====== Records supplied ======

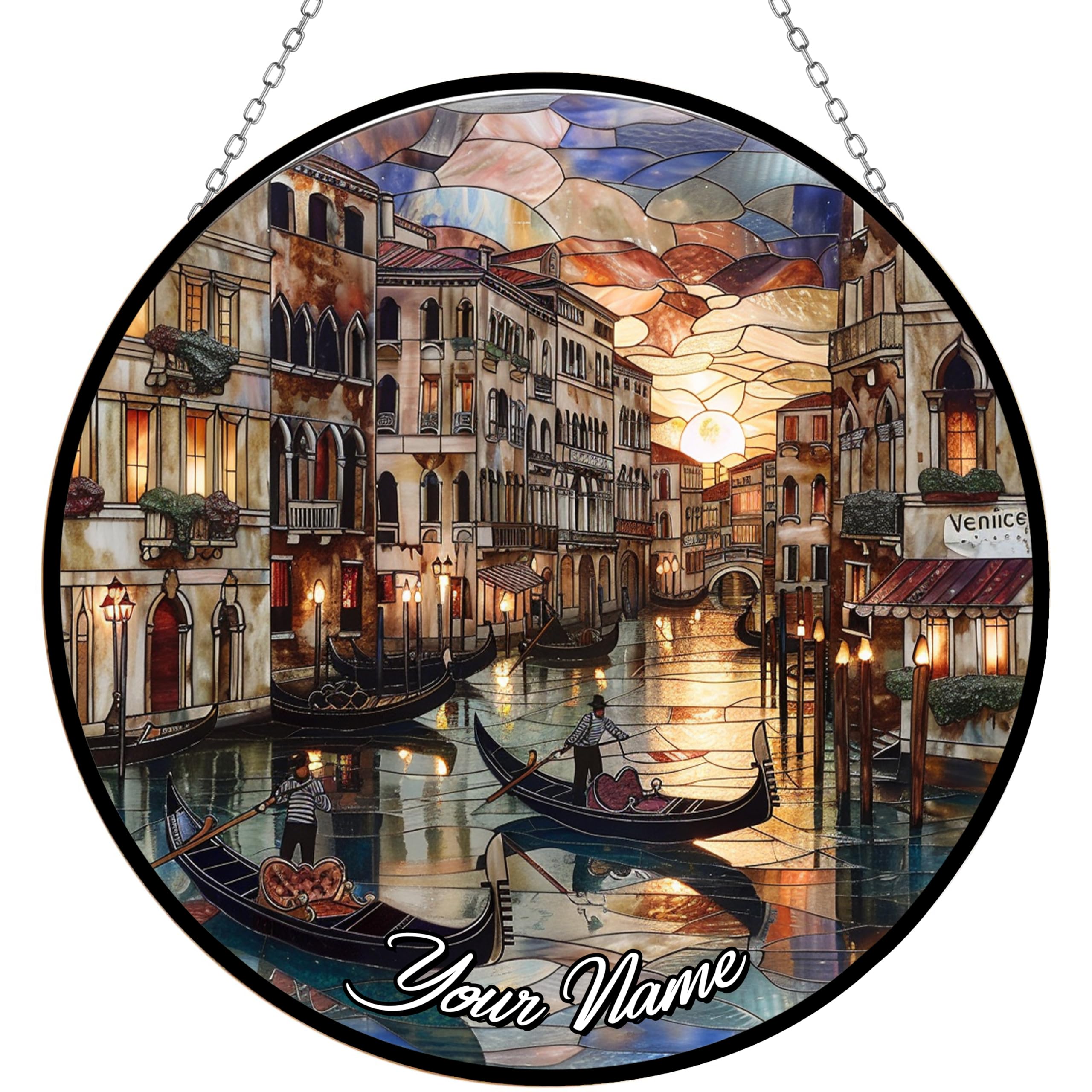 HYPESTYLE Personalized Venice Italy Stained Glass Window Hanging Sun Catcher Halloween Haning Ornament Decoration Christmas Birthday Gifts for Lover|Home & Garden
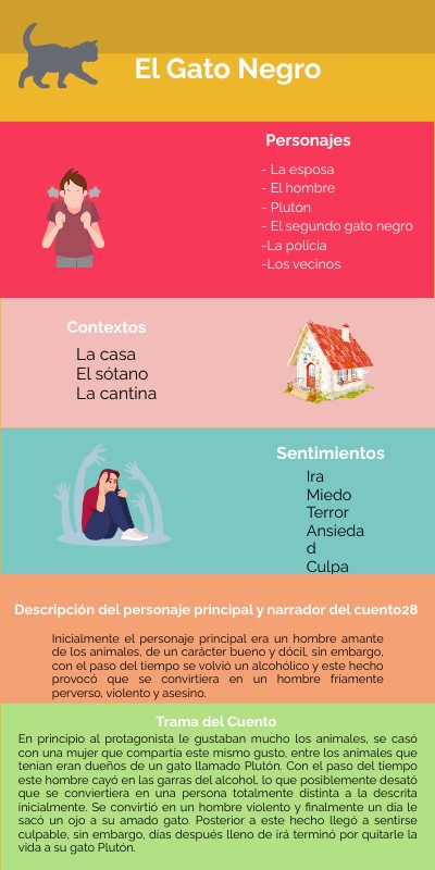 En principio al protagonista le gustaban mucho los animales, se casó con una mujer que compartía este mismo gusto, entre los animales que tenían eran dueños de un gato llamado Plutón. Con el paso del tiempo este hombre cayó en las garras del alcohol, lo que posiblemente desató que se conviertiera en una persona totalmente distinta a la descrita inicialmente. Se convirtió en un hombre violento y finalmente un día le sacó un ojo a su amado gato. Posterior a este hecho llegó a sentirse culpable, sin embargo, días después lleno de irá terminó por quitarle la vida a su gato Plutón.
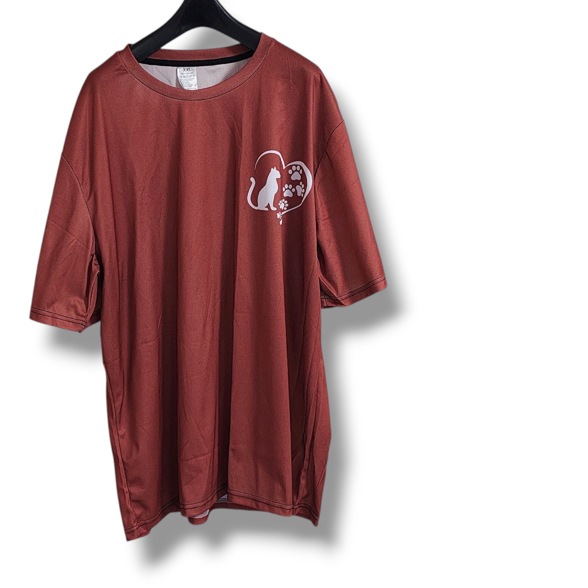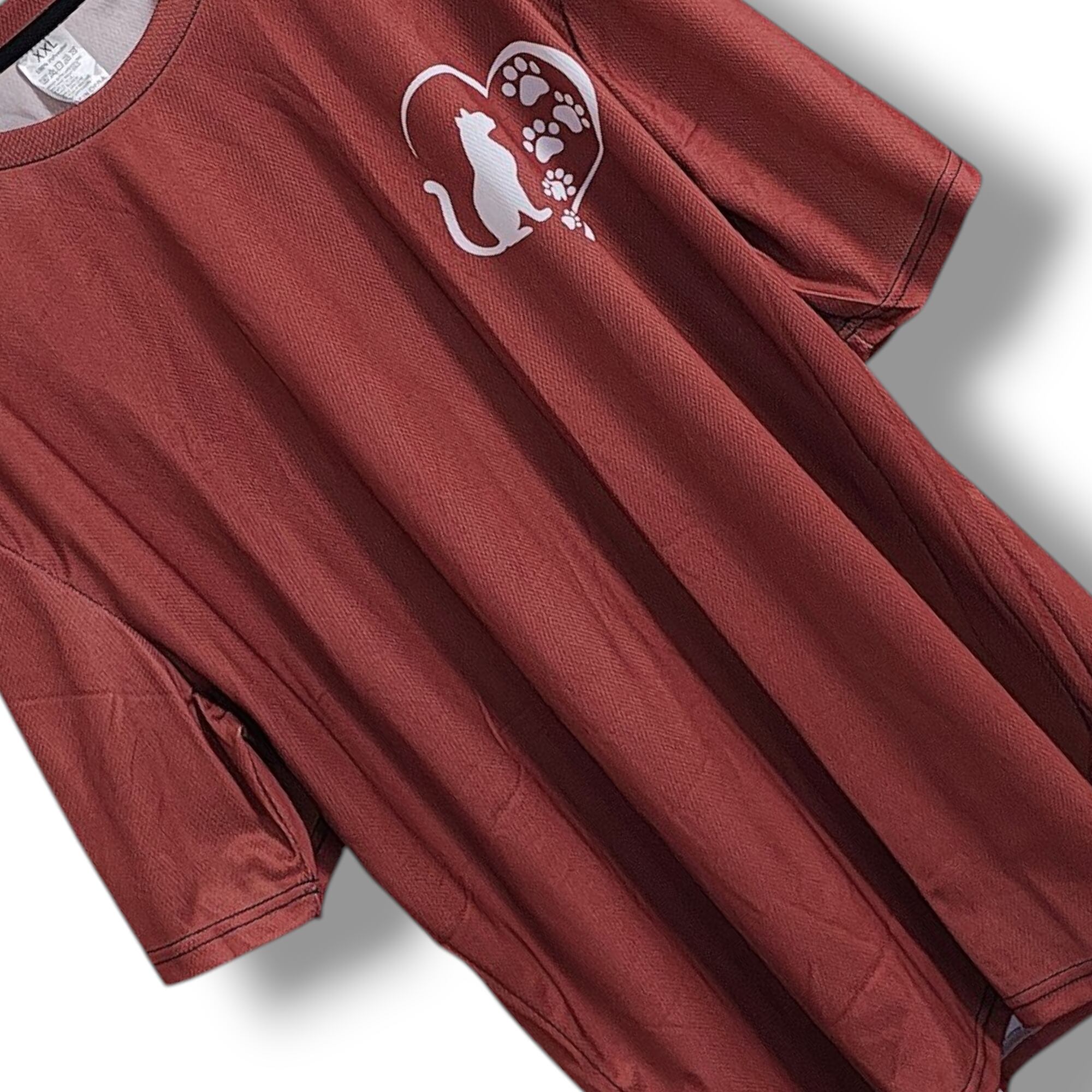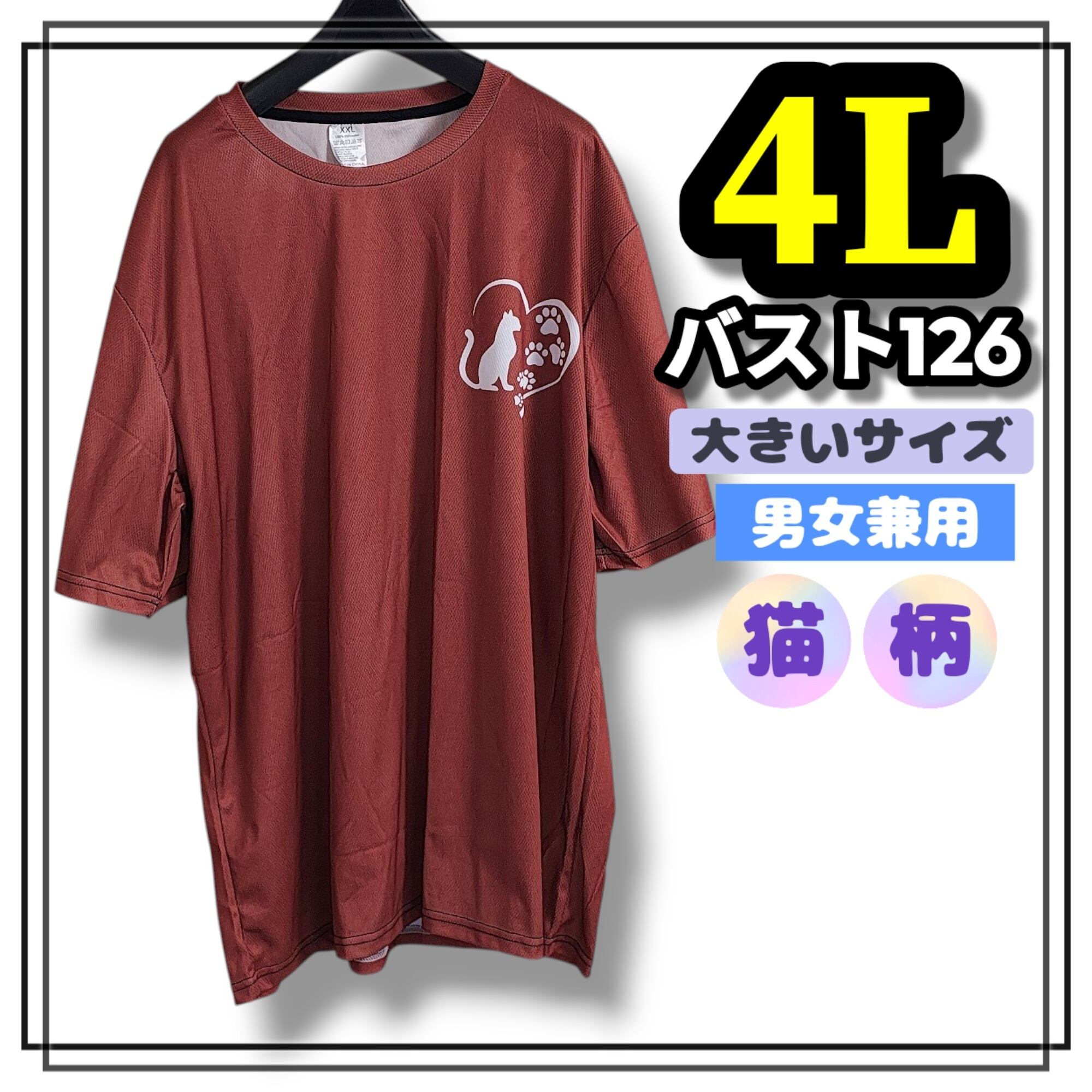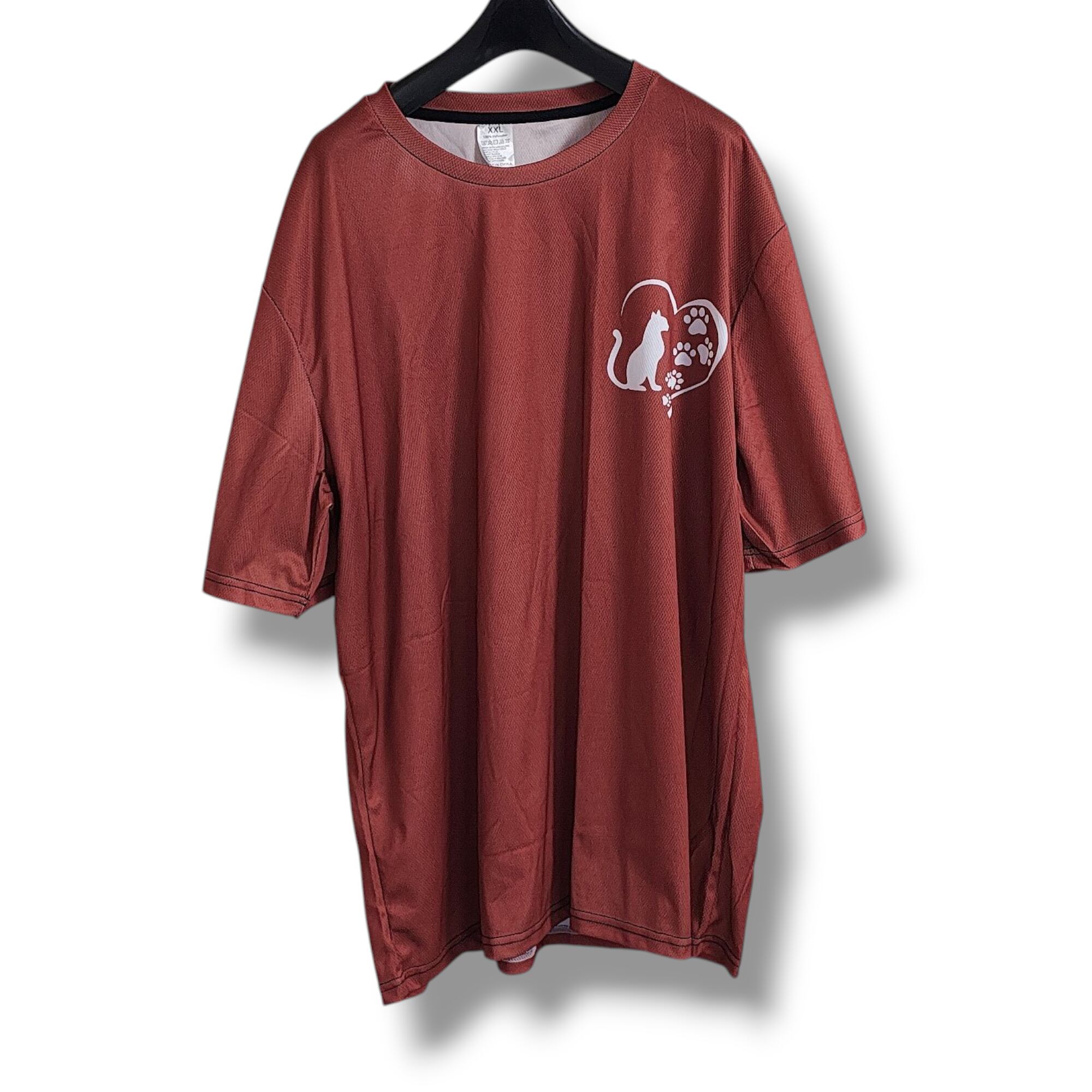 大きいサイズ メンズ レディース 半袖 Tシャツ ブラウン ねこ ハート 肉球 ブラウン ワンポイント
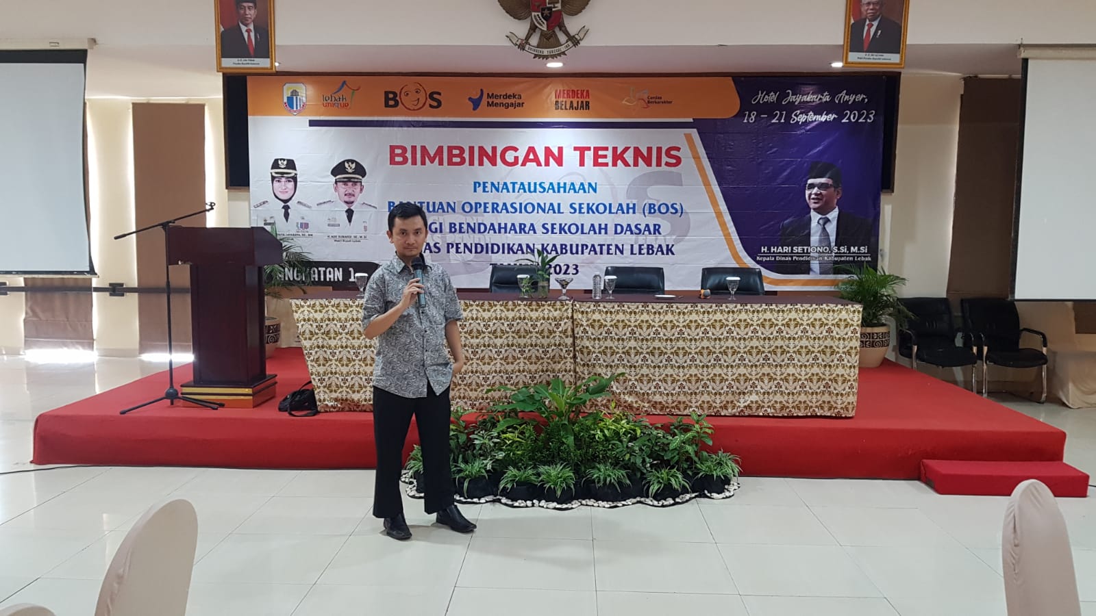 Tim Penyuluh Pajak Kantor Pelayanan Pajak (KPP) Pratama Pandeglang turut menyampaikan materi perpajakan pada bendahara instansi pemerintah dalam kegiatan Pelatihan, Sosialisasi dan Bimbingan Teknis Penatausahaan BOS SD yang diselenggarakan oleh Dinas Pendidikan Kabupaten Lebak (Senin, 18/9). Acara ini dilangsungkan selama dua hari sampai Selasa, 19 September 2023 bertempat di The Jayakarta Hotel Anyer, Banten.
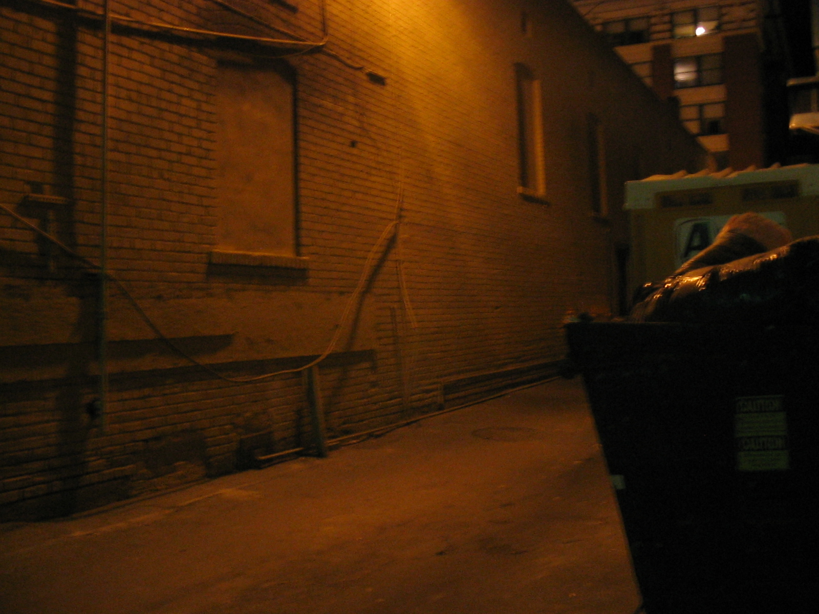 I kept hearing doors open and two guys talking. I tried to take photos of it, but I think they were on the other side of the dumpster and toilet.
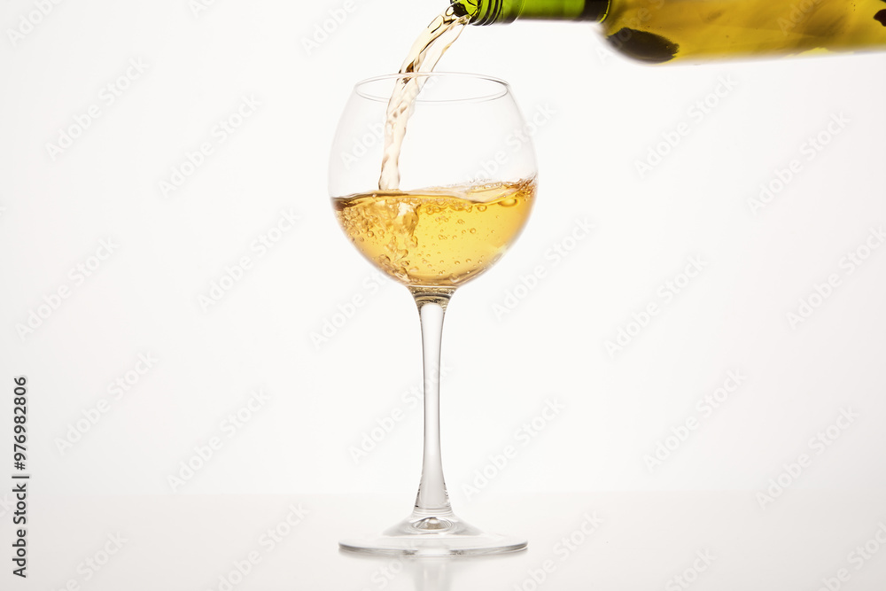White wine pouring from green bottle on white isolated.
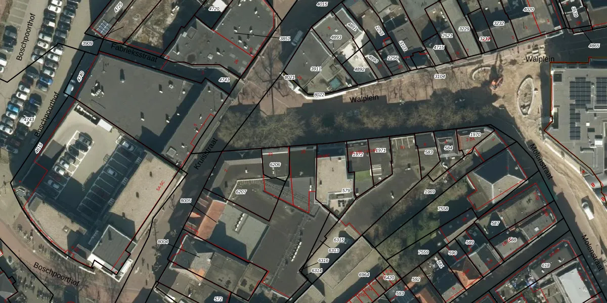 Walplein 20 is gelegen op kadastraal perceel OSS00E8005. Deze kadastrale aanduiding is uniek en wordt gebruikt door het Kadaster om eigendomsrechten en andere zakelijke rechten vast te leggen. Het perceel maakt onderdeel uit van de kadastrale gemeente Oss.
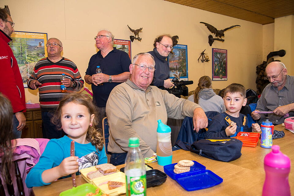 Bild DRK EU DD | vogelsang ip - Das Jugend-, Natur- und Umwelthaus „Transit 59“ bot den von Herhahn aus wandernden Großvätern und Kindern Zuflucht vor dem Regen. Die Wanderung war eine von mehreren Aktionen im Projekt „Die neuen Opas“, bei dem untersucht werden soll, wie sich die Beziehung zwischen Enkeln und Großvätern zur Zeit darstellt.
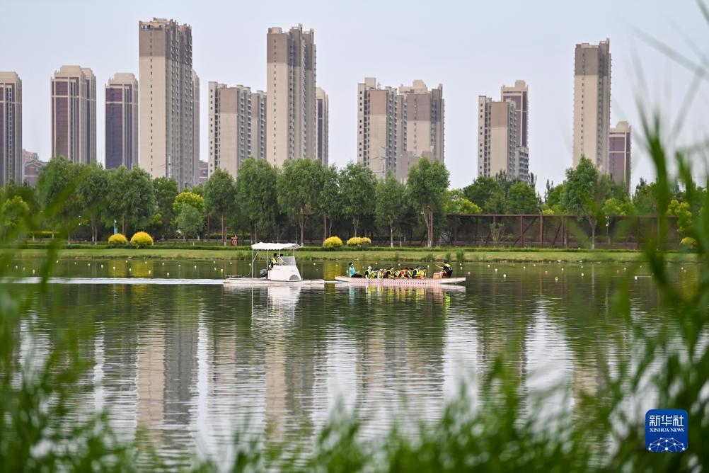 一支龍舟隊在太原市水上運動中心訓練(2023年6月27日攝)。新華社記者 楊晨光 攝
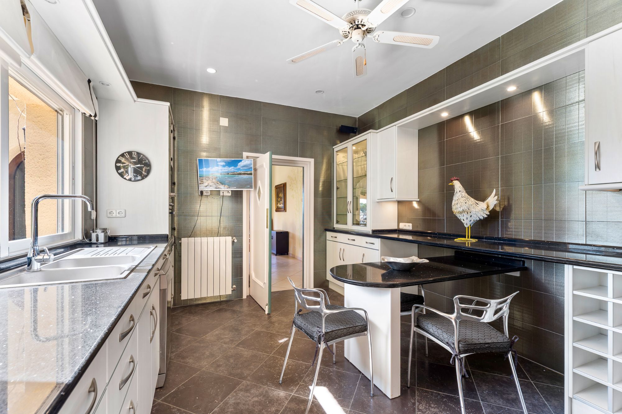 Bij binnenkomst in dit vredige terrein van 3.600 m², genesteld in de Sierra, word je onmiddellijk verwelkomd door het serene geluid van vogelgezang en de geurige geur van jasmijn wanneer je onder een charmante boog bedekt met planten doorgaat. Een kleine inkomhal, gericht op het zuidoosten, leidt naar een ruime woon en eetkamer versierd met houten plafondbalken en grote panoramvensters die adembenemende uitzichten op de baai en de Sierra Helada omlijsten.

======

— What is being asked —
Give again the stretch of the entries above that begins at the line with "I kept hearing" and ends at the line with "Walplein 20 is", word for word, with no pictures.

— Answer to the problem —
 I kept hearing doors open and two guys talking. I tried to take photos of it, but I think they were on the other side of the dumpster and toilet.
White wine pouring from green bottle on white isolated.
 Walplein 20 is gelegen op kadastraal perceel OSS00E8005. Deze kadastrale aanduiding is uniek en wordt gebruikt door het Kadaster om eigendomsrechten en andere zakelijke rechten vast te leggen. Het perceel maakt onderdeel uit van de kadastrale gemeente Oss.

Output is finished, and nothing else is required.